On 2014-03-31 16:34, Amos Jeffries wrote:
On 2014-04-01 02:10, a.afach wrote:
Dear Eliezer
these are the configure options ...
configure options:  '--prefix=/usr/local/squid-3.1.19'
'--sysconfdir=/etc' '--sysconfdir=/etc/squid' 
'--localstatedir=/var'
'--enable-auth=basic,digest,ntlm' 
'--enable-removal-policies=lru,heap'
'--enable-digest-auth-helpers=password'
'--enable-basic-auth-helpers=PAM,getpwnam,NCSA,MSNT'
'--enable-external-acl-helpers=ip_user,session,unix_group'
'--enable-ntlm-auth-helpers=fakeauth'
'--enable-ident-lookups--enable-useragent-log'
'--enable-cache-digests' '--enable-delay-pools' 
'--enable-referer-log'
'--enable-arp-acl' '--with-pthreads' '--with-large-files'
'--enable-htcp' '--enable-carp' '--enable-follow-x-forwarded-for'
'--enable-snmp' '--enable-ssl' '--enable-storeio=ufs,diskd,aufs'
'--enable-async-io' '--enable-linux-netfilter' '--enable-epoll'
'--with-squid=/usr/squid-3.1.19' '--disable-ipv6' '--with-aio'
'--with-aio-threads=128' 'build_alias=x86_64-pc-linux-gnu'
'host_alias=x86_64-pc-linux-gnu' 'CC=x86_64-pc-linux-gnu-gcc'
'CFLAGS=-O2 -pipe -m64 -mtune=generic' 'LDFLAGS=-Wl,-O1
-Wl,--as-needed' 'CXXFLAGS=' '--cache-file=/dev/null' '--srcdir=.'

Some more reasons to upgrade:
 * --disable-strict-error-checking avoids issues on Gentoo with 
-Werror
 * CFLAGS affects the C compiler, not the C++ compiler.

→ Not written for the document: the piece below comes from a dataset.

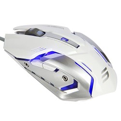 LINGYI Gaming Mouse, 6 Programmable Buttons, 4 Adjustable DPI Levels, 4 Circular & Breathing LED Light,Wired Mouse Used for Games and Office[ White]

C compiler 
is
only used by Squid-3 to build some libraries.
 * current verified stable Gentoo Squid version is 3.3.8.
 * updating aything on Gentoo involves rebuilding a surprising 
number
of components from scratch. So when you get a difference like this 
it
really could be anywhere. Including buried in the compiler itself -
your flags are possibly changing optimization levels and 
CPU-specific
assembly instructions used by it.

Amos